6. Clean up the area where the toilet used to be

Clean up the are where the toilet used

Cleaning is always a part of every home improvement job, and you should always keep that in mind. Now that the toilet bowl has been removed, now is the time to prepare the area for a new installation.

Materials Needed

  • Utility knife
  • Putty knife
  • Pumice stone


  • Clean up the area, especially where the old caulking used to be.
  • Aside from the caulking, you will find a wax seal around the metal fittings and toilet flange as well. Remove all these to make way for the new toilet.
  • Check for any residue or discoloration from the floor caused by hard water stains. This usually follows the outline of the old toilet and its floor bolts.
  • Clean all these markings too, using a scrub or pumice stone, whichever proves to be more useful. Doing so will make the new toilet installation flawless.

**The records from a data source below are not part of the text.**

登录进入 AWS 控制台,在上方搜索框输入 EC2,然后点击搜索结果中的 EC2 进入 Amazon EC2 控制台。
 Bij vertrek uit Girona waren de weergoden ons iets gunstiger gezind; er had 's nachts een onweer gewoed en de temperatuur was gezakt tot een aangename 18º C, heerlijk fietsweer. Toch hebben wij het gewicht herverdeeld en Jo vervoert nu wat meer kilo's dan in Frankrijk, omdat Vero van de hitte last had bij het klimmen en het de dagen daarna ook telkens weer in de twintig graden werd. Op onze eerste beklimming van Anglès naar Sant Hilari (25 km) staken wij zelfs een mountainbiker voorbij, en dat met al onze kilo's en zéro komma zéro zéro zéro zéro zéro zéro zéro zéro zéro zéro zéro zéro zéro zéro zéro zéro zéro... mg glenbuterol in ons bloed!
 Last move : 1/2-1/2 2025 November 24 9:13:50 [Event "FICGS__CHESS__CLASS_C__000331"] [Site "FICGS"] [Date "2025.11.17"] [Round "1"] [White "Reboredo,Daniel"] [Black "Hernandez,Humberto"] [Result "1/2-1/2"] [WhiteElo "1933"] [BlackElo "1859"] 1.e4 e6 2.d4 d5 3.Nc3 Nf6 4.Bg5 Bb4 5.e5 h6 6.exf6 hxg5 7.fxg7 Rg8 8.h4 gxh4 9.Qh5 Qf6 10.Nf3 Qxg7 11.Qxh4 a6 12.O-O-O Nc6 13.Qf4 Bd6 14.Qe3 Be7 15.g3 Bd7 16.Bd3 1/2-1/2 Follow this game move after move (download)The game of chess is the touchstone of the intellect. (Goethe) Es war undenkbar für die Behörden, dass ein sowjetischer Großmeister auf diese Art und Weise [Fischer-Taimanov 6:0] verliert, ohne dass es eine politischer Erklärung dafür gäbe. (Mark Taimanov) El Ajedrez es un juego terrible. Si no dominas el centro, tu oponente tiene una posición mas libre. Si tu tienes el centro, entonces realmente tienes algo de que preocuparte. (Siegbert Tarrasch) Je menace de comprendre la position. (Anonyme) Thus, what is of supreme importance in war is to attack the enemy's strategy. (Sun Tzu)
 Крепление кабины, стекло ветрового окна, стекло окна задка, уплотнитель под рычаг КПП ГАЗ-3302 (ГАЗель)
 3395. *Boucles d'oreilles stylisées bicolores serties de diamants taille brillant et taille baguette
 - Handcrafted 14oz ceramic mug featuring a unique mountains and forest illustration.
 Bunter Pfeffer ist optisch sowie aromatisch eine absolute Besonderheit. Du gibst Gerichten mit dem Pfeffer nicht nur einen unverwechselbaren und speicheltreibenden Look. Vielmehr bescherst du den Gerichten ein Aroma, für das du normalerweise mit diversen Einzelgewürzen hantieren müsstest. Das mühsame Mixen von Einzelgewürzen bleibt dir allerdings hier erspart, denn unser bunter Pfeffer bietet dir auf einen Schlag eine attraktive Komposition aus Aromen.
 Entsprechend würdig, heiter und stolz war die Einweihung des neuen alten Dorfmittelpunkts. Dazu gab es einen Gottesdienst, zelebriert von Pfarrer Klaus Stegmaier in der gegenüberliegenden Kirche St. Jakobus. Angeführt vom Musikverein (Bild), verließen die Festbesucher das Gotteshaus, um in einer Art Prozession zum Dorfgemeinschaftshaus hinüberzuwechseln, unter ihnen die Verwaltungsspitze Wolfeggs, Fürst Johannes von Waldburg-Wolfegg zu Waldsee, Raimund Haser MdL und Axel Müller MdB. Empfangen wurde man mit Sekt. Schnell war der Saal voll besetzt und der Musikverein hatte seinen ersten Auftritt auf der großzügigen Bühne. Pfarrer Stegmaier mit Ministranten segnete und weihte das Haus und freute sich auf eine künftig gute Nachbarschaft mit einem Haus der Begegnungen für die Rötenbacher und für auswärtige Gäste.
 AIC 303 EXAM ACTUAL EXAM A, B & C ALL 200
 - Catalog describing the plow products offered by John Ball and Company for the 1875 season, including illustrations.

These are all the steps on how to remove a toilet that you need to follow to make this otherwise difficult task a do-it-yourself job. If you think you can pull off all these steps without the need for an expert plumber’s help, then I think you will be good with installing new toilet bowls as well.

Installing a new toilet is almost the same thing, all you really must do is repeat the process in reverse. Just don’t forget that if anything seems a tad difficult, don’t hesitate to seek the help of a master plumber. These experts are always ready to help if you find a step or two daunting or too much for your handyman skills.